(Exercise data Opens)
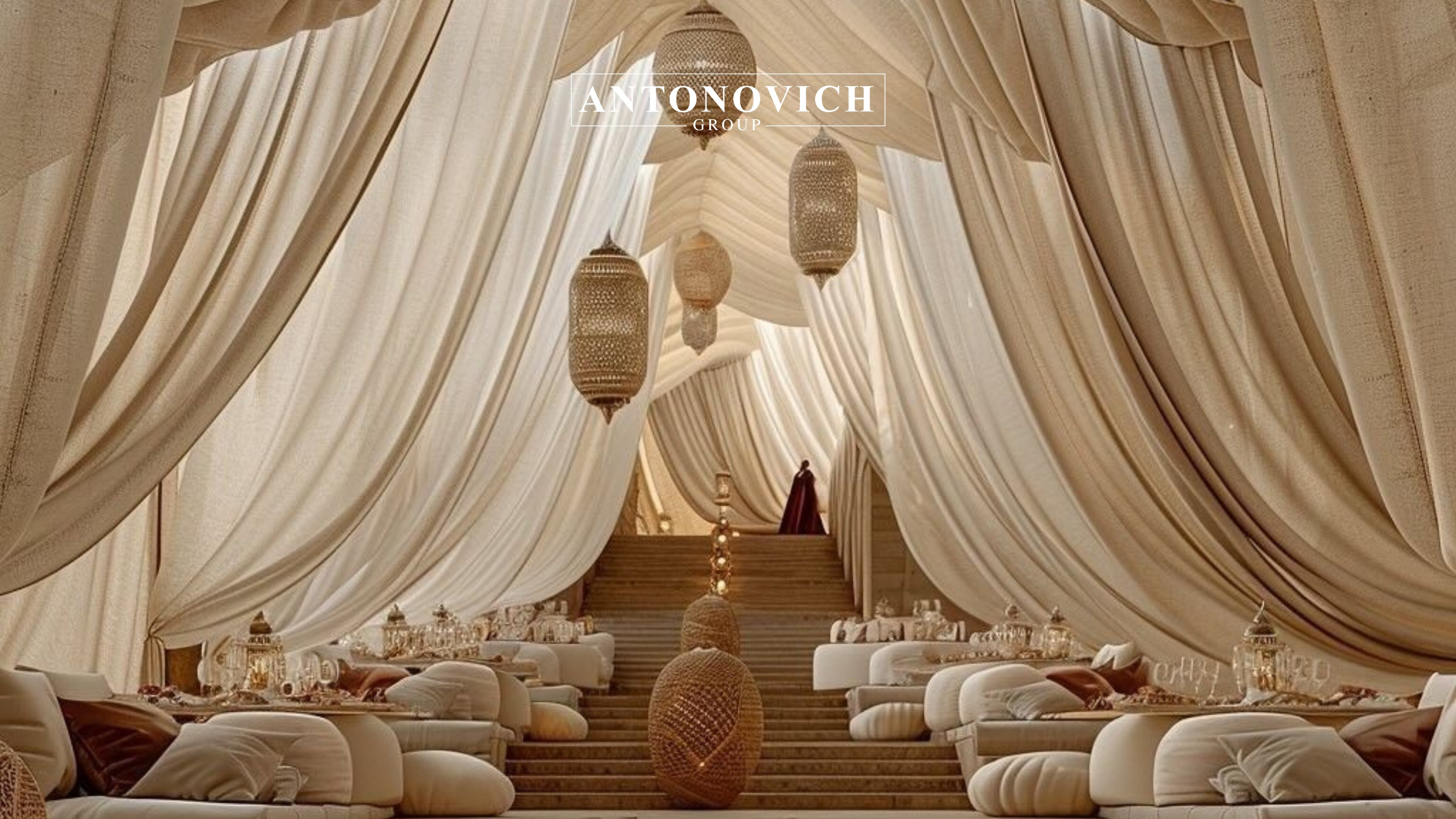 Antonovich Group also specializes in seasonal tent installations for special occasions such as Ramadan, Eid, weddings, and private events. These structures are designed with rich cultural motifs, arabesque patterns, and ceremonial seating arrangements.
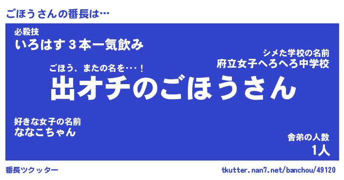| 男性向けラノベタイトル風あだ名 | 『ごほうの憂鬱』 |
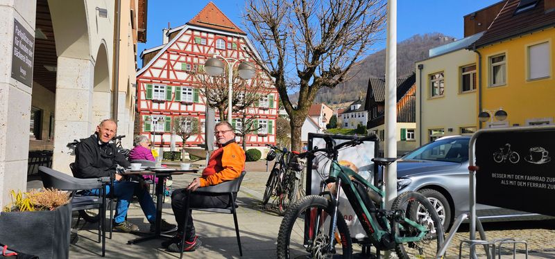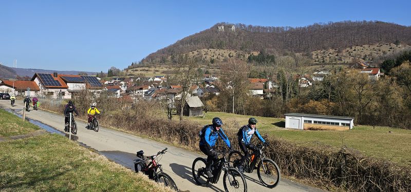 Bei frischem aber sonnigen Wetter mit bis zu 15°C am 5. März 2026 starteten 12 Senioren-Radler des Alpenvereins Calw + Nagold mit Ihrem Guide, Roland Kling zu einer Radausfahrt auf der Schwäbischen Alb.
(Exercise data Closes)
◆ Problem details: Starting at the line that contains "男性向けラノベタイトル風あだ名 | 『ごほうの憂鬱』 |", output every line through the end of the data, both ends included, and nothing else; pictures stay out.

◆ Task answer:
| 男性向けラノベタイトル風あだ名 | 『ごほうの憂鬱』 |
 Bei frischem aber sonnigen Wetter mit bis zu 15°C am 5. März 2026 starteten 12 Senioren-Radler des Alpenvereins Calw + Nagold mit Ihrem Guide, Roland Kling zu einer Radausfahrt auf der Schwäbischen Alb.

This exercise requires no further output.